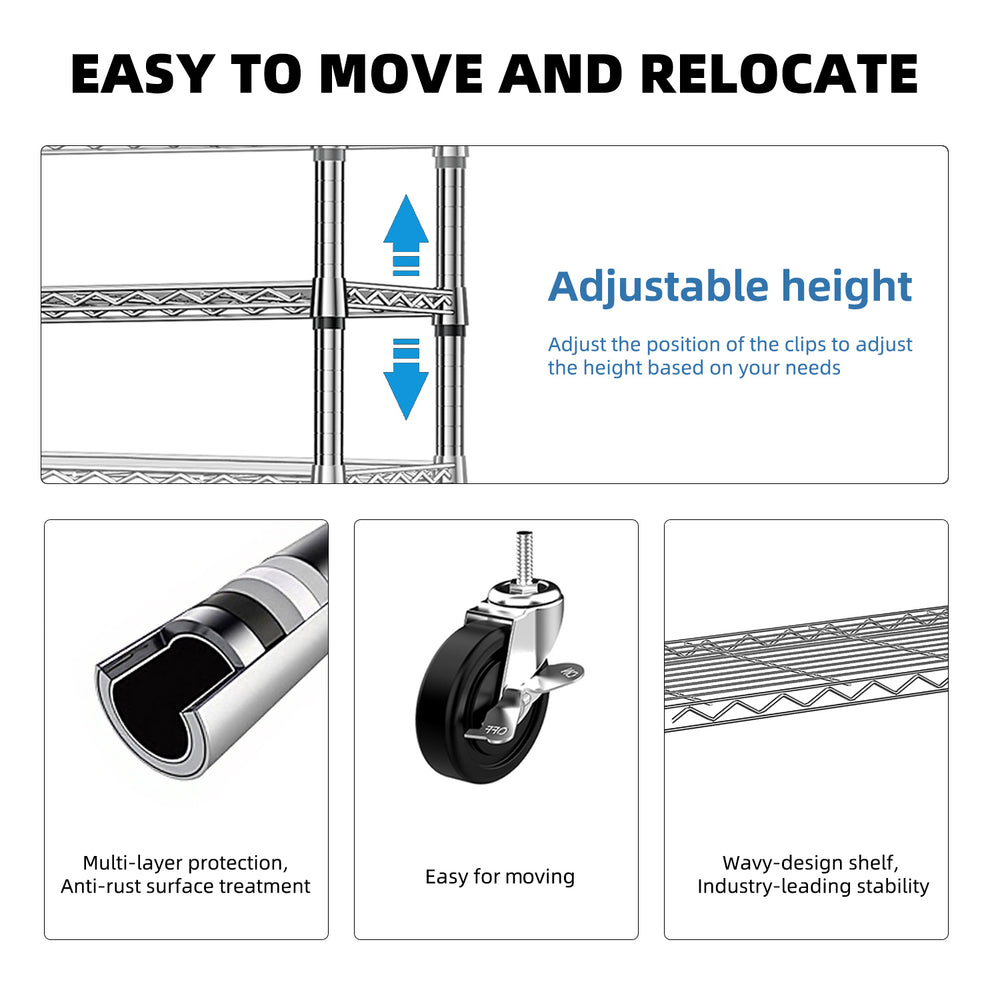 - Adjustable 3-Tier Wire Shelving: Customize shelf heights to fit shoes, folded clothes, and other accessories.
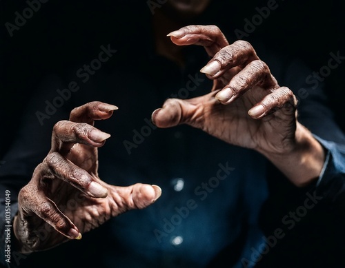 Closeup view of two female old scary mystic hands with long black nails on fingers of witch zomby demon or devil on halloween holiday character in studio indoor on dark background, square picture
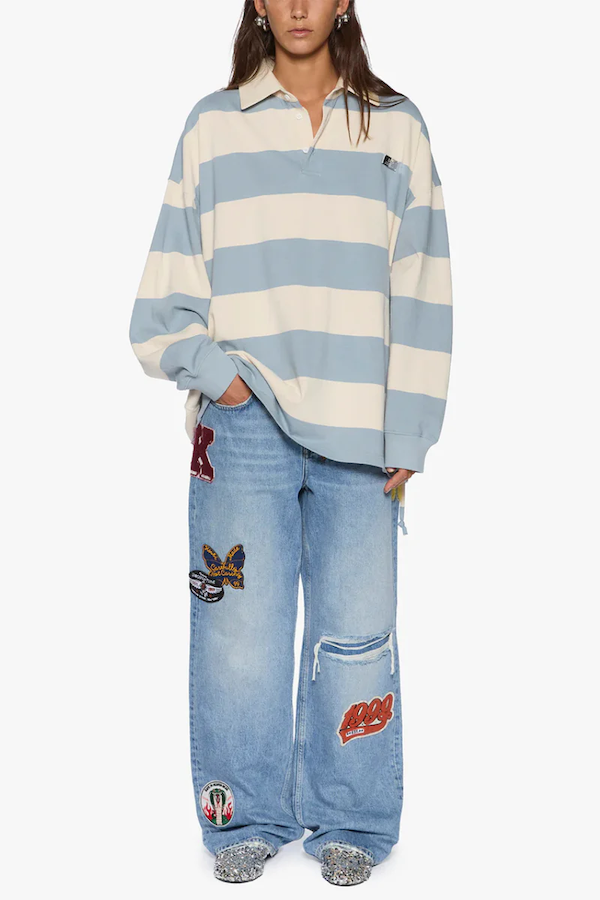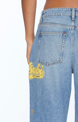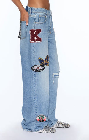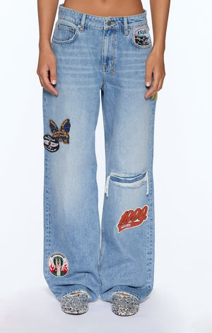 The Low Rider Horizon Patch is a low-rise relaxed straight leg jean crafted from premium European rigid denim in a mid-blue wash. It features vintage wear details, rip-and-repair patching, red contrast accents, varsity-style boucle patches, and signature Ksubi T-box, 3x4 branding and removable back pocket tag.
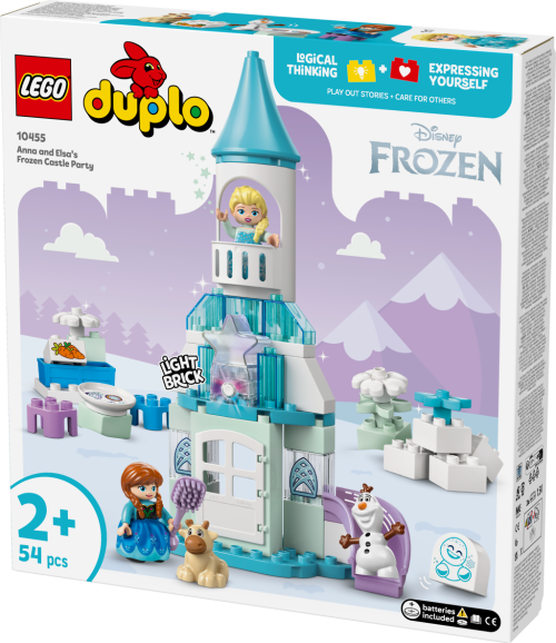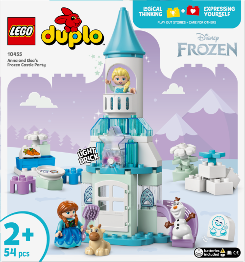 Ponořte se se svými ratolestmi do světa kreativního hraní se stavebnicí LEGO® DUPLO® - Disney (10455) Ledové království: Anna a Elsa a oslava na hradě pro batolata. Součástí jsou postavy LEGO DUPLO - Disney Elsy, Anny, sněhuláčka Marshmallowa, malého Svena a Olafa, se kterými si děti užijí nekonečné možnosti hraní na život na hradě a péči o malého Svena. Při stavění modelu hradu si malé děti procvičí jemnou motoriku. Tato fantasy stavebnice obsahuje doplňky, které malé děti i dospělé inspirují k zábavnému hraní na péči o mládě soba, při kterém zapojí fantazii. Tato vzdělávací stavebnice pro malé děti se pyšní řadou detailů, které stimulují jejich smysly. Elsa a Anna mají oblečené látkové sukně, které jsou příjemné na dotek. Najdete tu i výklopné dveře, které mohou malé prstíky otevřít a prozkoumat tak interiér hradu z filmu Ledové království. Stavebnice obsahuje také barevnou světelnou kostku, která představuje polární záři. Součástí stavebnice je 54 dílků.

* _Task instructions_: Above this task is a listing with pictures in it. Retype only the lines from the one containing "Closeup view of" through the one containing "The Low Rider", both included, and not the pictures.

* _Solution to the exercise_:
 Closeup view of two female old scary mystic hands with long black nails on fingers of witch zomby demon or devil on halloween holiday character in studio indoor on dark background, square picture
 The Low Rider Horizon Patch is a low-rise relaxed straight leg jean crafted from premium European rigid denim in a mid-blue wash. It features vintage wear details, rip-and-repair patching, red contrast accents, varsity-style boucle patches, and signature Ksubi T-box, 3x4 branding and removable back pocket tag.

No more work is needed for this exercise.